Forschen ohne Angst: Wie die Uni Osnabrück gefährdete Wissenschaftler*innen unterstützt

Wenn Wissenschaftler*innen wegen Krieg oder Verfolgung ihr Land verlassen müssen, steht oft ihre ganze Existenz auf dem Spiel. Die Universität Osnabrück hilft ihnen, hier eine neue akademische Heimat zu finden – ein herausforderndes Unterfangen. 

„Am 24. Februar 2022 wachte ich in meiner Wohnung in Odessa im Süden der Ukraine durch Explosionsgeräusche auf. Die Nachrichten bestätigten meine schlimmsten Befürchtungen: Es war Krieg ausgebrochen.“ So beginnt Prof. Tetiana Melnychuk die Schilderung ihres Weges von der Odessa School of Law an die Universität Osnabrück. Die Rechtswissenschaftlerin ist eine von aktuell zehn gefährdeten und/oder bedrohten Forschenden, die an der Uni Osnabrück Zuflucht und eine neue wissenschaftliche Heimat gefunden haben.

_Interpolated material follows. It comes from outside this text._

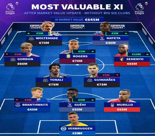 北京时间12月9日,在更新了英超球员的身价之后,德转列出了英超不含BIG6球员的最贵阵容,身价同为7500万欧元的托纳利和吉马良斯领衔,身价7000万欧元的沃尔特马德和摩根-罗杰斯在列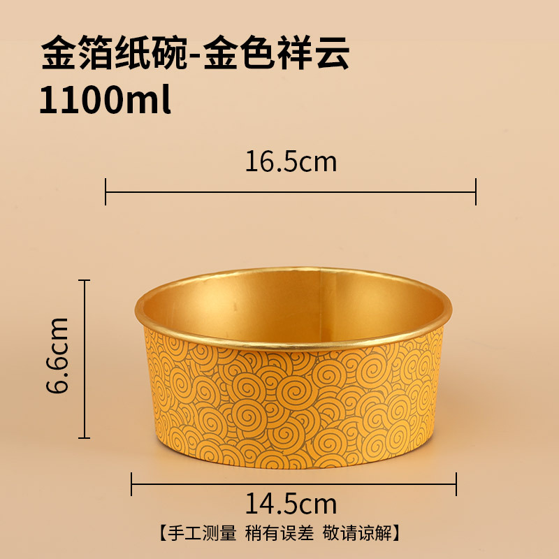 - 規格:【600隻裝】1100ml祥雲金箔紙碗-蓋另拍

Bereits 2015 hat die Uni Osnabrück die Stelle Coordination Refugees @ UOS am Institut für Migrationsforschung und Interkulturelle Studien (IMIS) eingerichtet, nach dem Kriegsausbruch in der Ukraine wurde die Beratung und Betreuung geflüchteter Wissenschaftlerinnen und Wissenschaftler in das Referat Internationales/Global Engagement überführt. Darüber hinaus ist die Universität seit 2023 Mitglied in den Netzwerken Scholars at Risk und EURAXESS, und auch die Universitätsgesellschaft unterstützt die internationale Ausrichtung der Uni und diese Zielgruppe durch Überbrückungsgelder und Stipendienzuschüsse.

Viele geflüchtete Wissenschaftler dürfen nicht offen in Erscheinung treten, da sie sonst sich und ihre Familien in Gefahr brächten. Bei Tetiana Melnychuk ist das anders. Sie spricht offen über ihre Erfahrungen.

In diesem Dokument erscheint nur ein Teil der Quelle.